A gap analysis identified procedural and organizational reasons for readmission in the heart failure population at an acute care hospital. Using evidence-based best practice guidelines established by the American Heart Association, American College of Cardiology, and the Heart Failure Society of America, a four-pronged proactive discharge bundle was implemented using the plan-do-study-act framework for continuous improvement. All patients admitted to the telemetry units with a primary or secondary diagnosis of heart failure received the discharge planning bundle: (1) an early assessment by the case management department, (2) patient-centered specialty heart failure education, (3) predischarge medication delivery, and (4) predischarge physician follow-up appointment scheduling within 7 days of discharge. A total of 133 patients were evaluated for inclusion in the heart failure cohort. Of those, 52 patients received the evidence-based intervention.

RESULTS

The evidence-based project was implemented over 7 weeks, September through October of 2023 on the medical telemetry units. Of the 52 patients receiving the evidence-based sample, two of the patients experienced a readmission due to heart failure (3.85%). Incidentally, it was found that patients without a readmission had an average of 2.3 completed interventions, while those with readmissions had an average of 1.5 interventions.

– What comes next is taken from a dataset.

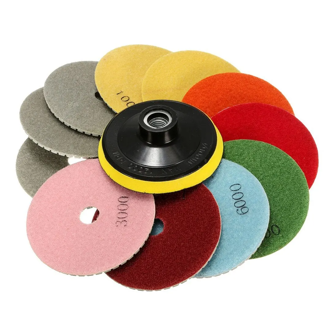 12 шт 4 ''/100 мм влажные сухие Алмазные полировальные колодки шлифовальный диск шлифовальный станок для гранитного камня бетонный полировщик для мрамора абразивные инструментыUS $25,29

IMPLICATIONS FOR CASE MANAGEMENT PRACTICE

Case managers are an integral part of the care transition from the acute care setting back to the community. Often, it is the case manager leading this effort through various interventions. Findings from this quality improvement project suggest the use of the evidence-based, four-pronged approach to discharge planning for the heart failure patient population reduced the risk and rate of heart failure-related readmissions for the involved nursing units. These findings also surmise that there is a correlation between the number of interventions and the rate of readmission.

摘要

目的

医院再入院问题在美国医疗保健系统中一直存在。尽管已经做出了许多努力,确定并研究了各种项目、论文和干预措施,但所有成人入院患者中有14%会再次入院。再入院大多被认为是可预防的,并且被视为医院护理质量的一个指标。由于意外再入院,患者患病或受伤的风险增加,压力增大,经济负担加重,生活质量下降。再入院还会对医院系统产生负面影响,包括床位可用性降低、资源紧张以及潜在的经济处罚和支付减少。因心力衰竭入院的患者再入院风险增加,全国再入院率为23%。

主要实践环境

该质量改进项目在一家急症医院的两个遥测病房实施。

方法和样本

通过差距分析确定了急症医院心力衰竭患者再入院的程序和组织原因。根据美国心脏协会、美国心脏病学会和美国心力衰竭学会制定的循证最佳实践指南,采用计划 - 执行 - 研究 - 行动框架实施了一项四管齐下的主动出院综合方案,以持续改进。所有入住遥测病房且主要或次要诊断为心力衰竭的患者都接受了出院计划综合方案:(1)由病例管理部门进行早期评估;(2)以患者为中心的专业心力衰竭教育;(3)出院前药物配送;(4)在出院7天内安排出院前医生随访预约。共有133名患者被评估是否纳入心力衰竭队列。其中,52名患者接受了循证干预。

结果

该循证项目于2023年9月至10月在医疗遥测病房实施了7周。在接受循证样本的52名患者中,有两名患者因心力衰竭再次入院(3.85%)。顺便发现,未再次入院的患者平均完成了2.3项干预措施,而再次入院的患者平均完成了1.5项干预措施。

对病例管理实践的启示

病例管理人员是从急症护理环境到社区护理过渡的重要组成部分。通常,是病例管理人员通过各种干预措施引领这项工作。这个质量改进项目的结果表明,对心力衰竭患者群体采用循证的四管齐下出院计划方法,降低了相关护理单元心力衰竭相关再入院的风险和发生率。这些结果还推测,干预措施的数量与再入院率之间存在相关性。